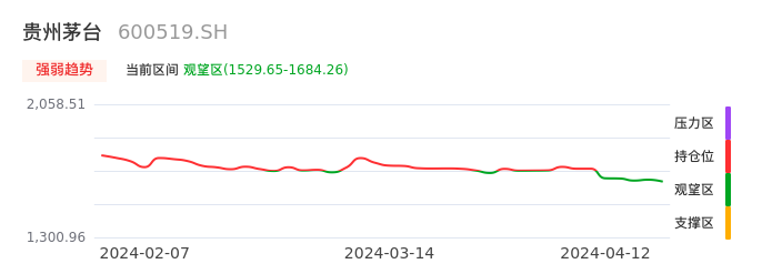 我们来看一下该股的九方特色指标强弱趋势的情况:贵州茅台自04月08日从持仓区下穿到观望区,股价近期持续走弱。短期已经进入空头行情,且下跌动能仍未衰竭。建议继续谨慎观望。
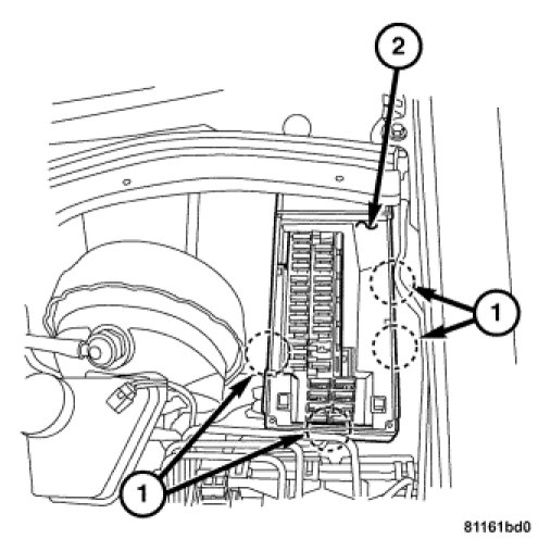 2. Install the underhood accessory fuse block cover panel (2) and secure it by snapping the retention tabs (1) into place.
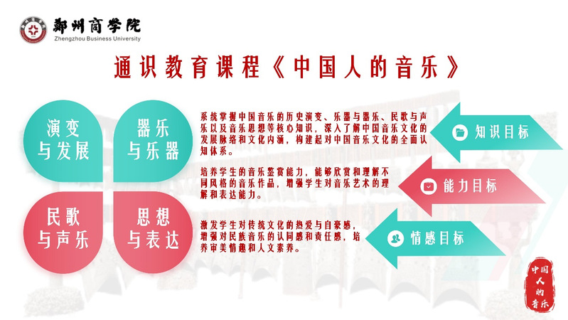 《中国人的音乐》是一门面向大学本科生的通识教育课程,旨在通过对中国音乐文化的系统介绍,拓宽学生的知识面,培养学生的文化素养和审美能力。课程内容涵盖音乐的历史演变、乐器与器乐、民歌与声乐、戏曲艺术以及音乐思想等多个方面,使学生在学习过程中不仅了解音乐知识,还能深刻感受到中国文化的博大精深。
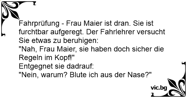 Fahrprüfung - Frau Maier ist dran. Sie ist furchtbar aufgeregt. Der Fahrlehrer versucht Sie etwas zu beruhigen:
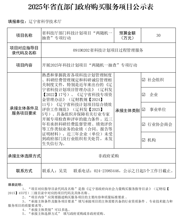 2025年省直部门政府购买服务项目公示表(快看漫画 部门科技计划项目“两随机一抽查”专项行动)
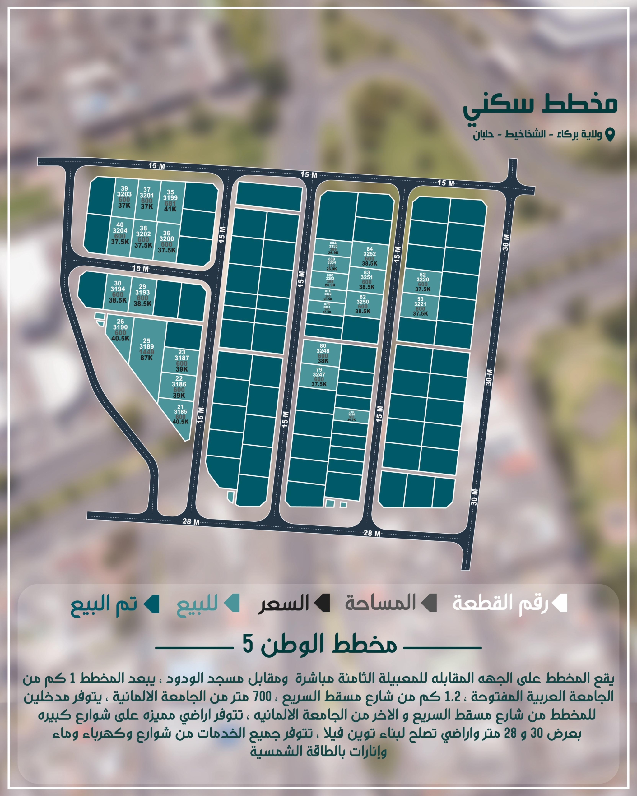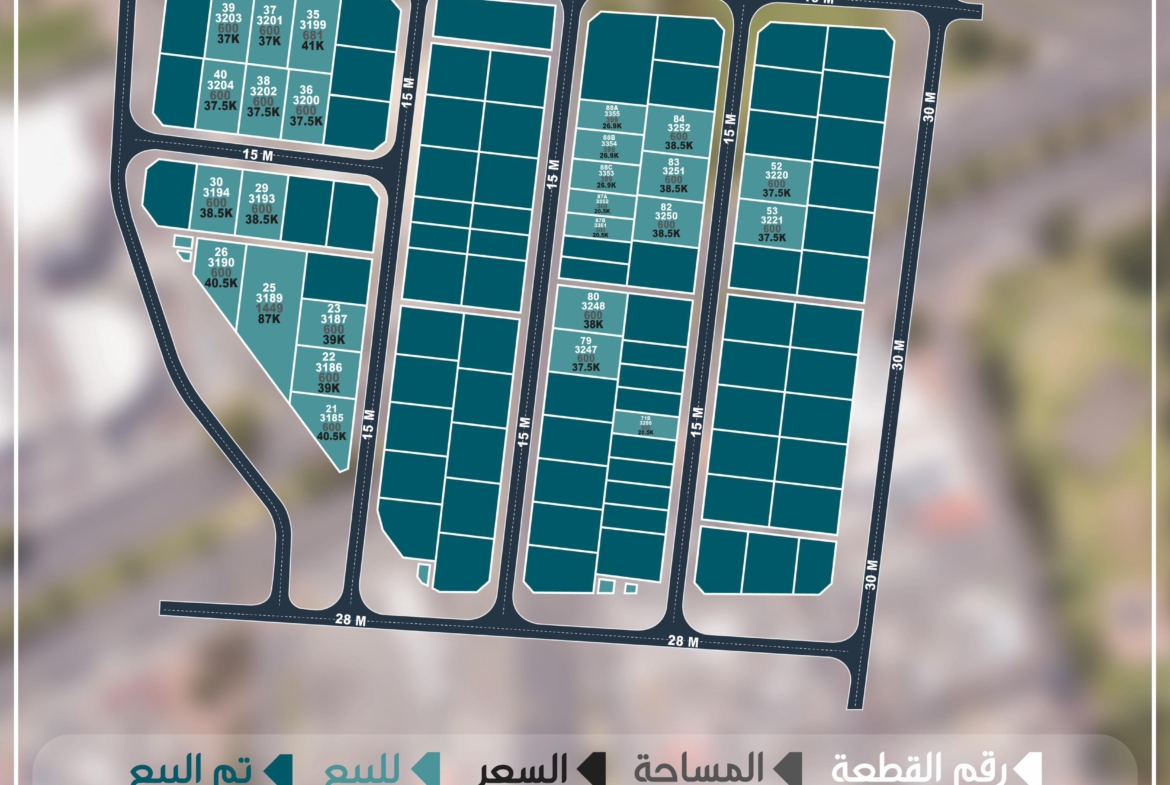 – توفر اراضي على شوارع عريضه 30و28 متر.
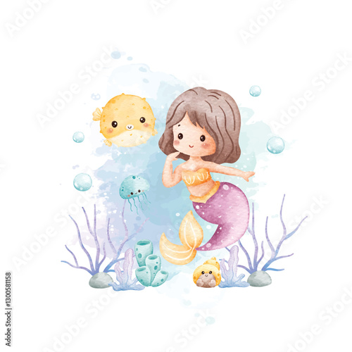 Watercolor Illustration Cute Mermaid and Pufferfish
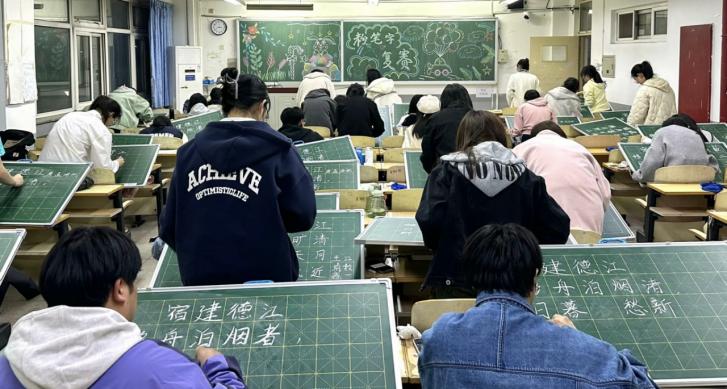 三尺讲台育桃李,一只粉笔书芳华。参赛的师范生纷纷屏气凝神,执笔端正,全神贯注,将身心融于笔端,每一笔、每一划都彰显出严谨的态度和师范生专业素养。他们按照规定的时间,书写传统古诗词,尽情挥洒三寸粉笔。一幅幅书法作品不断在黑板上呈现出来,一横一竖,一撇一捺,笔笔显功力,字字显神韵,充分展示了数计公司师范生的书写风采。
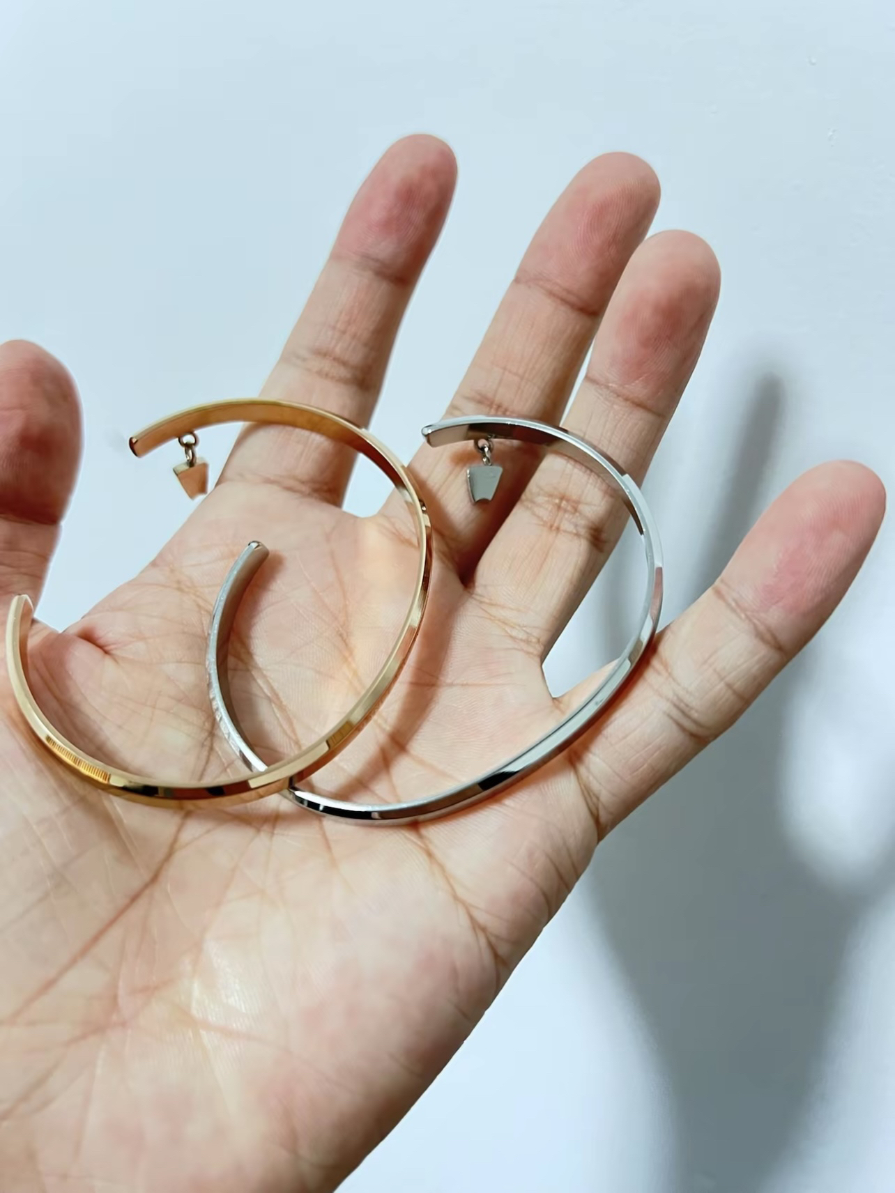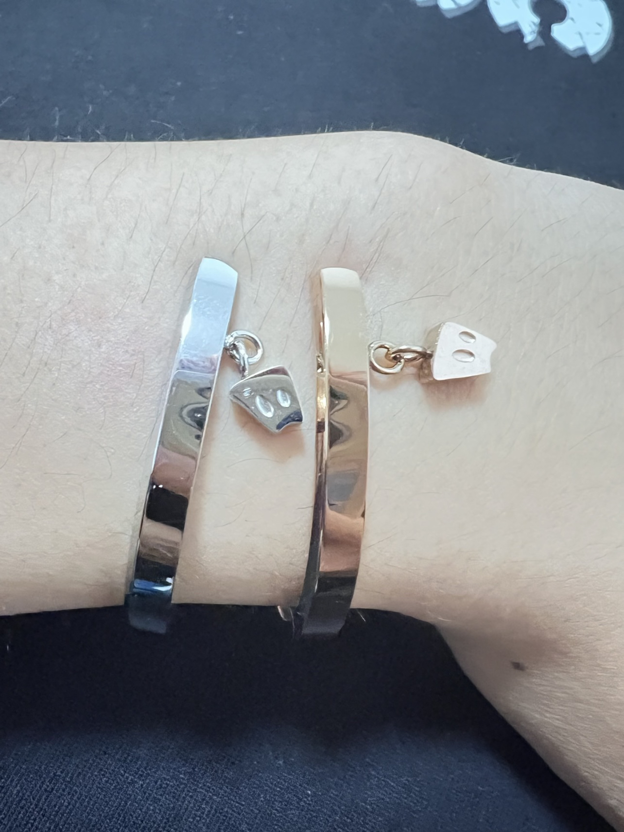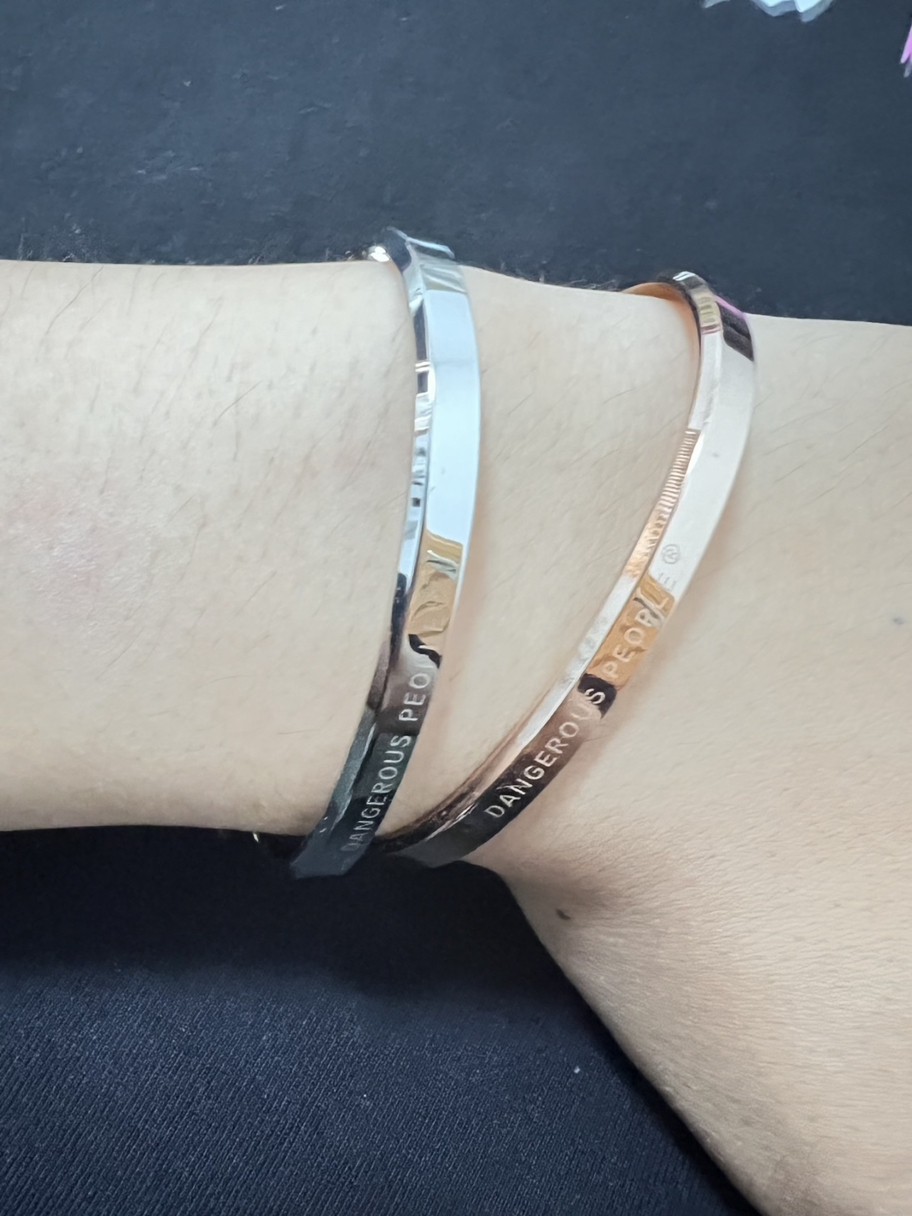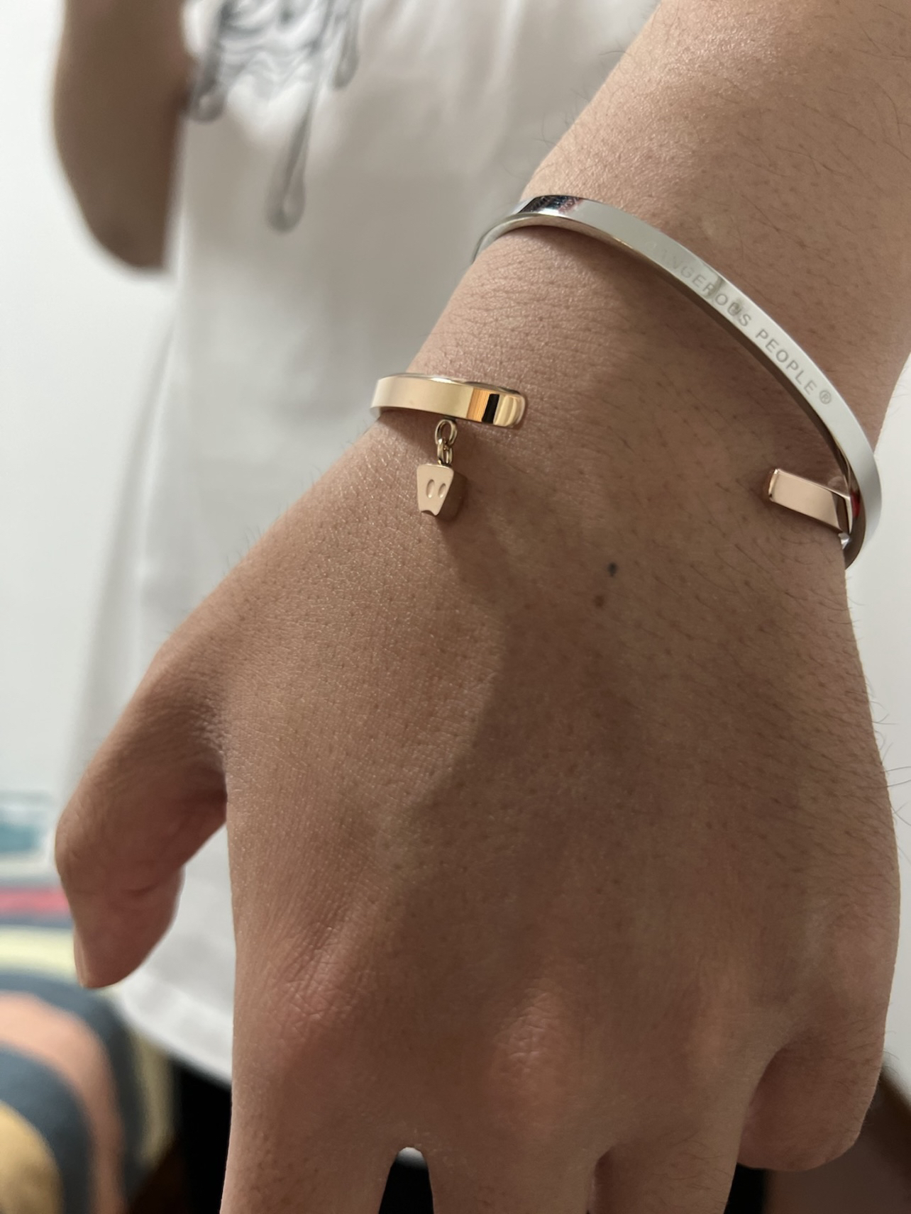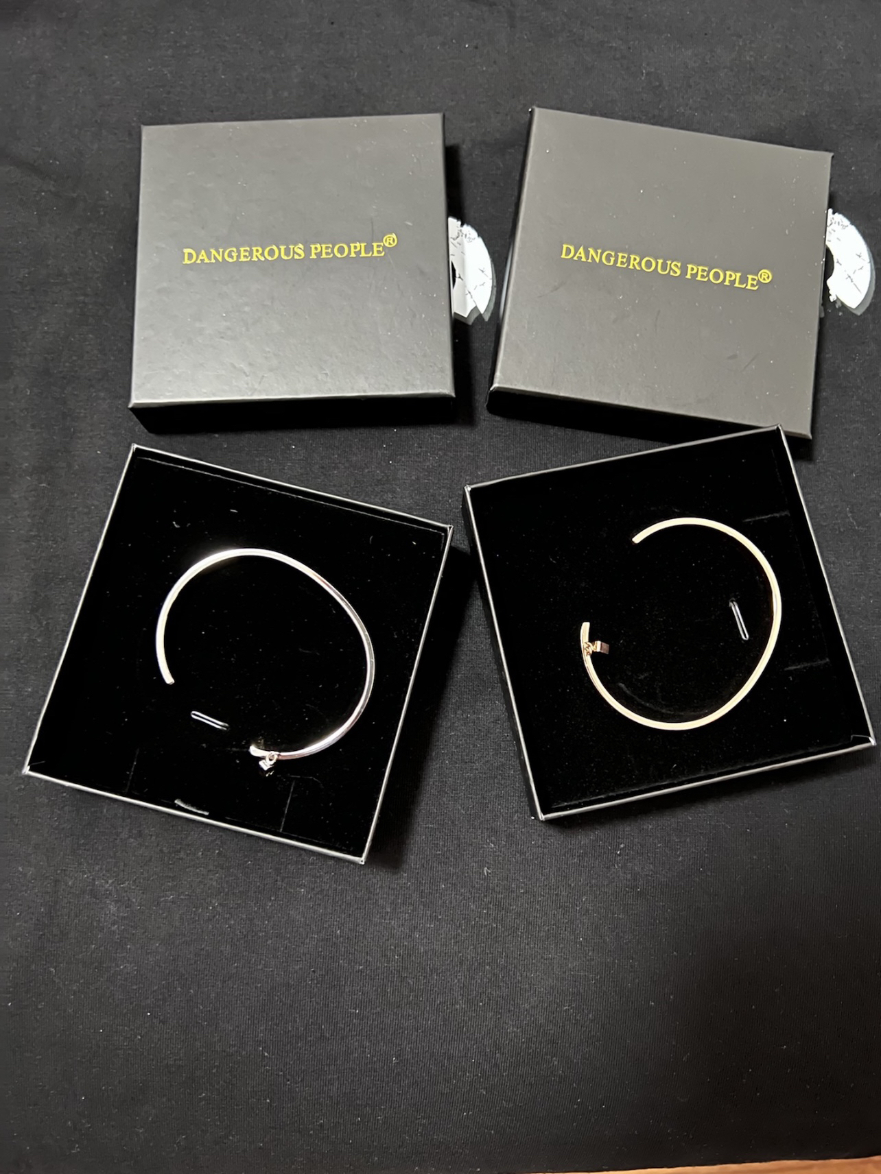 今日份宝藏配饰分享🎉 DANGEROUSPEOPLE 纸袋人吊坠半开口手镯 材质是316L不锈钢的分为玫瑰金和银色巨好看 亮面反光还有字母logo和纸袋人吊坠 送女朋友绝对会被一顿猛夸哈哈哈 情侣搭配还是个人穿搭都蛮不错的 关键它这两个颜色都巨显白有没有❓ 这里是伤心黑灯的宝藏配饰分享 喜欢的可以关注点赞哦
***
The whole of the data above needs retyping exactly, with pictures omitted.

 我们来看一下该股的九方特色指标强弱趋势的情况:贵州茅台自04月08日从持仓区下穿到观望区,股价近期持续走弱。短期已经进入空头行情,且下跌动能仍未衰竭。建议继续谨慎观望。
 2. Install the underhood accessory fuse block cover panel (2) and secure it by snapping the retention tabs (1) into place.
 《中国人的音乐》是一门面向大学本科生的通识教育课程,旨在通过对中国音乐文化的系统介绍,拓宽学生的知识面,培养学生的文化素养和审美能力。课程内容涵盖音乐的历史演变、乐器与器乐、民歌与声乐、戏曲艺术以及音乐思想等多个方面,使学生在学习过程中不仅了解音乐知识,还能深刻感受到中国文化的博大精深。
 Fahrprüfung - Frau Maier ist dran. Sie ist furchtbar aufgeregt. Der Fahrlehrer versucht Sie etwas zu beruhigen:
 2025年省直部门政府购买服务项目公示表(快看漫画 部门科技计划项目“两随机一抽查”专项行动)
 – توفر اراضي على شوارع عريضه 30و28 متر.
 Watercolor Illustration Cute Mermaid and Pufferfish
 三尺讲台育桃李,一只粉笔书芳华。参赛的师范生纷纷屏气凝神,执笔端正,全神贯注,将身心融于笔端,每一笔、每一划都彰显出严谨的态度和师范生专业素养。他们按照规定的时间,书写传统古诗词,尽情挥洒三寸粉笔。一幅幅书法作品不断在黑板上呈现出来,一横一竖,一撇一捺,笔笔显功力,字字显神韵,充分展示了数计公司师范生的书写风采。
 今日份宝藏配饰分享🎉 DANGEROUSPEOPLE 纸袋人吊坠半开口手镯 材质是316L不锈钢的分为玫瑰金和银色巨好看 亮面反光还有字母logo和纸袋人吊坠 送女朋友绝对会被一顿猛夸哈哈哈 情侣搭配还是个人穿搭都蛮不错的 关键它这两个颜色都巨显白有没有❓ 这里是伤心黑灯的宝藏配饰分享 喜欢的可以关注点赞哦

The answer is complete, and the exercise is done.